#### Data excerpt ####

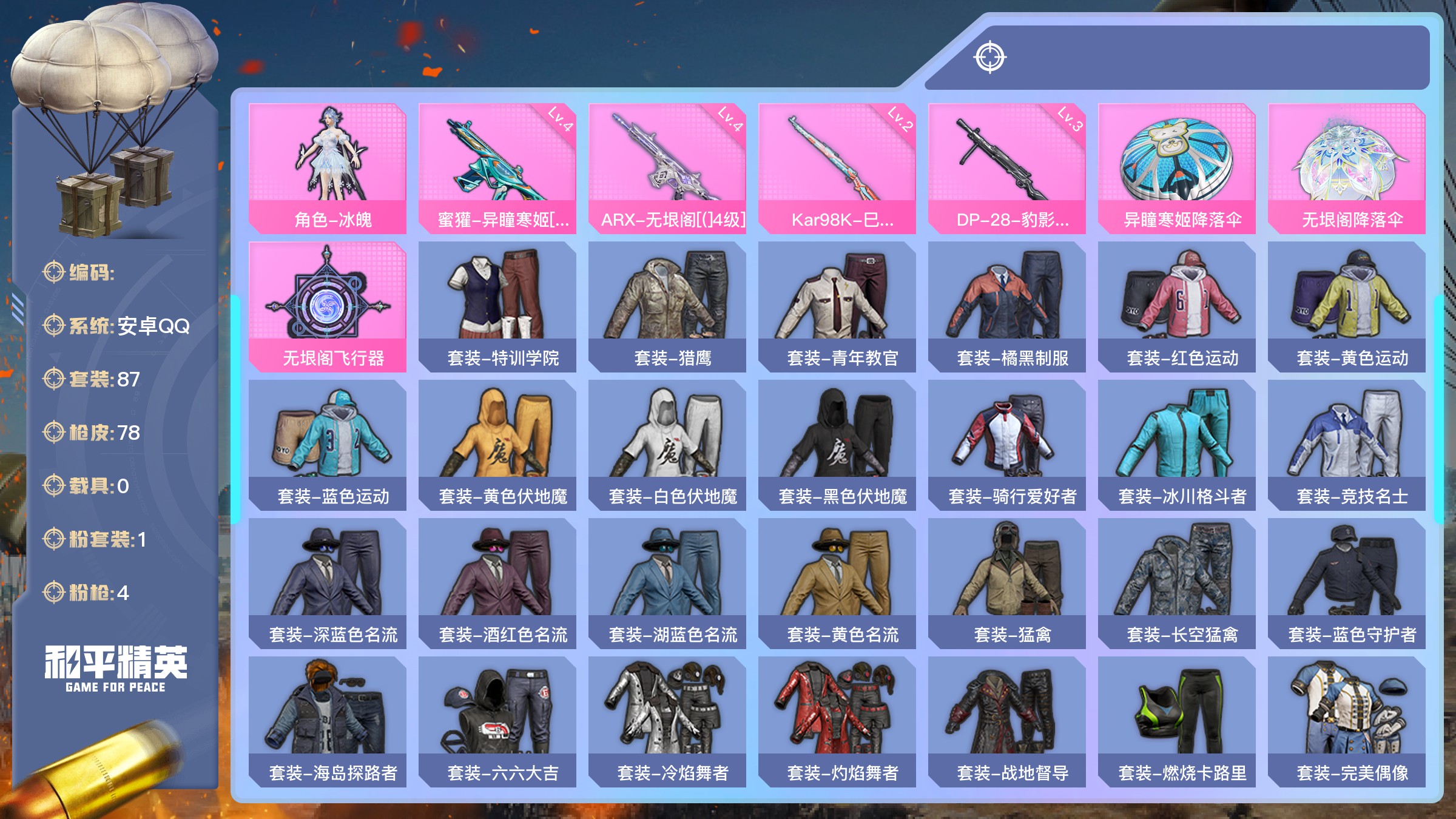 【游戏多多】 【037mnee2f】热力值:23074,1粉装,4粉呛,3粉色战备,87套装,78呛械,55装备,1滑翔尾翼,31降落伞;等级:lv.58 历史最高段位:超级王牌15星 当前段位:不朽.星钻ⅲ;王牌印记8次; 【粉色套装】:角色-冰魄;【粉色呛械】:蜜獾-异瞳寒姬[4级],arx-无垠阁[4级],kar98k-巳巳如意[2级],dp-28-豹影疾电[3级];【粉色滑翔尾翼】:无垠阁飞行器;【粉色降落伞】:异瞳寒姬降落伞,无垠阁降落伞;【其他套装】:套装-特训学院,套装-猎鹰,套装-青年教官,套装-橘黑制服,套装-红色运动,套装-黄色运动,套装-蓝色运动,套装-黄色伏地魔,套装-白色伏地魔,套装-黑色伏地魔,套装-骑行爱好者,套装-冰川格斗者,套装-竞技名士,套装-深蓝色名流,套装-酒红色名流,套装-湖蓝色名流,套装-黄色名流,套装-猛禽,套装-长空猛禽,套装-蓝色守护者,套装-海岛探路者,套装-六六大吉,套装-冷焰舞者,套装-灼焰舞者,套装-战地督导,套装-燃烧卡路里,套装-完美偶像,套装-人气偶像,套装-幻影武者,套装-街头潮人,套装-蓝彩潮人,套装-酷萌兔限定,套装-魅力单车,套装-绮丽涂鸦,套装-竞技达人朋克,套装-野性战心,套装-破晓战魂,套装-都市魅力,套装-潮流炫酷,套装-沙漠兵团,套装-幻世战舞者,套装-缤纷果语,套装-滨海厨神,套装-元素星魂,套装-极速红龙,套装-破蛋小黄鸡,套装-霓虹街区,套装-白熊同盟,套装-夏日音浪,套装-探宝勇士,套装-战术大师,套装-ss18特训,套装-耀粉歌者,套装-竞技角斗士,套装-ss16特训,角色-英勇保护者,套装-ss17特训,套装-空投萌叽,套装-ss19特训,套装-炫蓝之夏,套装-ss20特训,套装-ss21特训,套装-玉兔迎春,套装-ss22特训,套装-光之冒险,套装-绯格组合,套装-ss23特训,套装-柠萌假日,套装-ss25特训,套装-龙的传人,套装-ss26特训,套装-空岛之星,套装-ss27特训,套装-ss28特训,角色-冰公主,套装-海盐绵绵冰,套装-蝶变,套装-ss29特训,套装-星途旅人,套装-ss30特训,套装-ss31特训,角色-风玲,套装-大橘大利,套装-ss35特训,套装-午间小调,套装-风迹短诗;其他呛械:m416-红色方程式,m416-蓝色火焰,m416-糯团青竹,akm-霓虹街区,akm-彩虹符号,akm-破晓战魂,akm-龙的传人,aug-耀粉歌者,scar-l-海盐豹豹,scar-l-红色方程式,scar-l-星途旅人,蜜獾-天降萌叽,蜜獾-风迹短诗,groza-海盐豹豹,groza-春暖花开,m16a4-蓝色火焰,m16a4-幻世战舞者,m16a4-红色方程式,g36c-乌木金纹,m762-天降萌叽,mk47-风迹短诗,莫辛纳甘-乌木金纹,莫辛纳甘-风迹短诗,kar98k-乌木金纹,kar98k-红色方程式,awm-天降萌叽,m24-乌木金纹,win94-乌木金纹,amr-乌木金纹,mk20-h-星途旅人,mk20-h-乌木金纹,mk14-乌木金纹,mk14-薄荷星砂,mini14-耀粉歌者,mini14-炫彩节奏,mini14-香桃花海,slr-霓彩脉冲,mk12-风迹短诗,vss-香桃花海,野牛-乌木金纹,uzi-天降萌叽,uzi-啾咪啾咪,uzi-红色方程式,汤姆逊-天降萌叽,汤姆逊-耀粉歌者,汤姆逊-炫彩节奏,p90-乌木金纹,p90-玩趣呆呆,vect-生命誓言,ump45-蓝色火焰,mp5k-乌木金纹,s1897-春暖花开,s1897-精灵梦叶罗丽,dbs-乌木金纹,dbs-圣堂之誓,dbs-风迹短诗,spas-12-乌木金纹,s12k-幻世战舞者,s12k-破晓战魂,s12k-玩趣呆呆,s686-生命誓言,s686-红色方程式,mg3-幻世战舞者,m249-破晓战魂,m249-糯团青竹,m249-彩虹符号,短管霰弹-星穹咏叹调,平底锅-空岛之星,平底锅-光之冒险,平底锅-精灵梦叶罗丽,平底锅-空投萌叽,撬棍-幻世战舞者,破片手留单-呆爆全场,破片手留单-星途旅人;【其他降落伞】:ss18王牌降落伞,化学天才降落伞,普通降落伞,海盐豹豹降落伞,空岛之星降落伞,ss20王牌降落伞,夏日倾情降落伞,云上灯宵降落伞,霓虹街区降落伞,ss28王牌降落伞,白昼之火降落伞,空投萌叽降落伞,和平使命降落伞,青羽降落伞,光之冒险降落伞,风迹短诗降落伞,星途旅人降落伞,ss29王牌降落伞,月下萌萌兔降落伞,冰河战士降落伞,香桃花海降落伞,ss26王牌降落伞,奇异狩猎者降落伞,ss27王牌降落伞,ss19王牌降落伞,电竞之星降落伞,放飞梦想降落伞,寂夜之火降落伞,幻世战舞者降落伞;【伙伴】:伙伴-鸡哥,伙伴-啾啾,伙伴-盔仔,伙伴-呆呆,详情看图【实际信息请以最终验号结果为准】【安卓qq】【不可二次实名】【无】
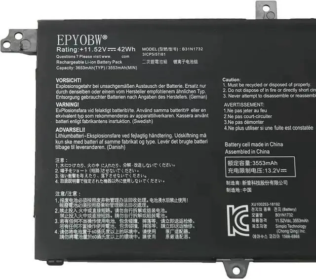 EPYOBW Promise All EPYOBW's batteries are certificated by UL/CE/FCC/RoHS. Our batteries are tested by strict quality control standards to ensure that the capacity is true, stable current, low self-discharge.And we also have short circuit, overheat, and overload protections. We are confident in the performance of replacement batteries and professional service.
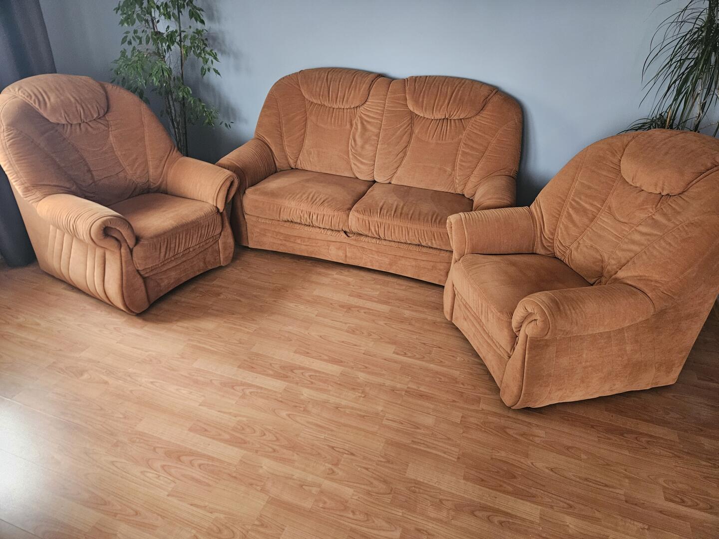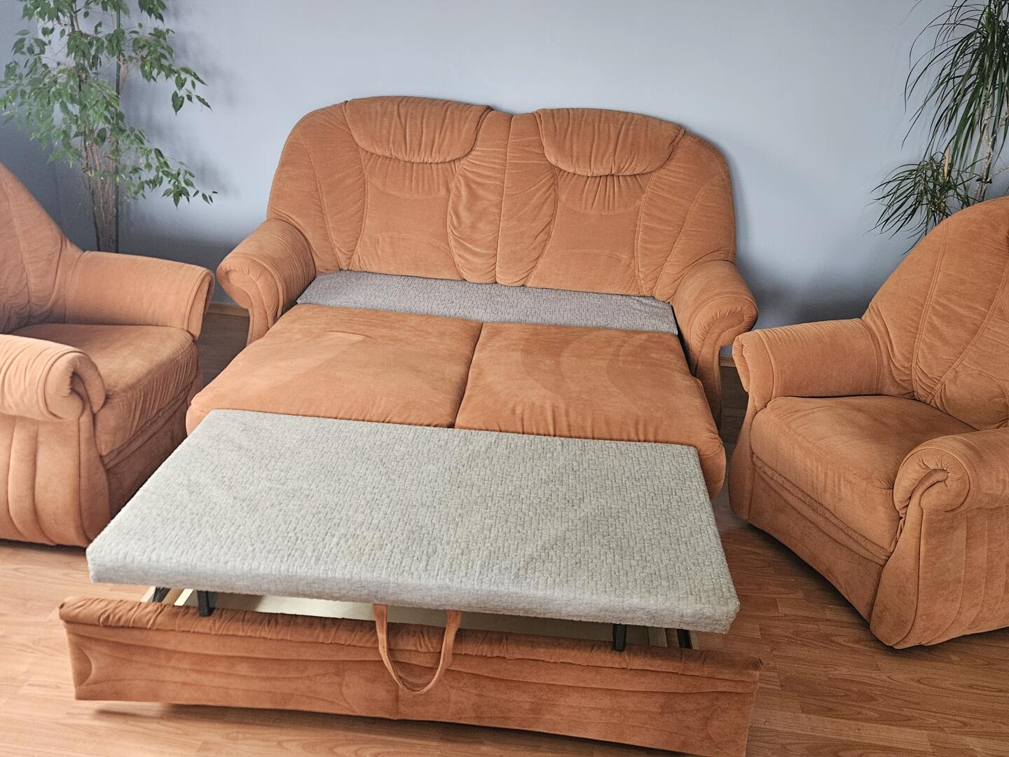 Sprzedam sofę 3-osobową z funkcją spania i pojemnikiem na pościel z dwoma fotelami. Zestaw w bardzo dobrym stanie. Wymiar sofy 180x90 a po rozłożeniu 180x240 a foteli 90x90. Odbiór osobisty.

####

:: What the task asks ::
Give again, word for word, only the lines from the line containing "EPYOBW Promise All" through the last line above, both included; leave the pictures out.

:: Solved problem ::
 EPYOBW Promise All EPYOBW's batteries are certificated by UL/CE/FCC/RoHS. Our batteries are tested by strict quality control standards to ensure that the capacity is true, stable current, low self-discharge.And we also have short circuit, overheat, and overload protections. We are confident in the performance of replacement batteries and professional service.
 Sprzedam sofę 3-osobową z funkcją spania i pojemnikiem na pościel z dwoma fotelami. Zestaw w bardzo dobrym stanie. Wymiar sofy 180x90 a po rozłożeniu 180x240 a foteli 90x90. Odbiór osobisty.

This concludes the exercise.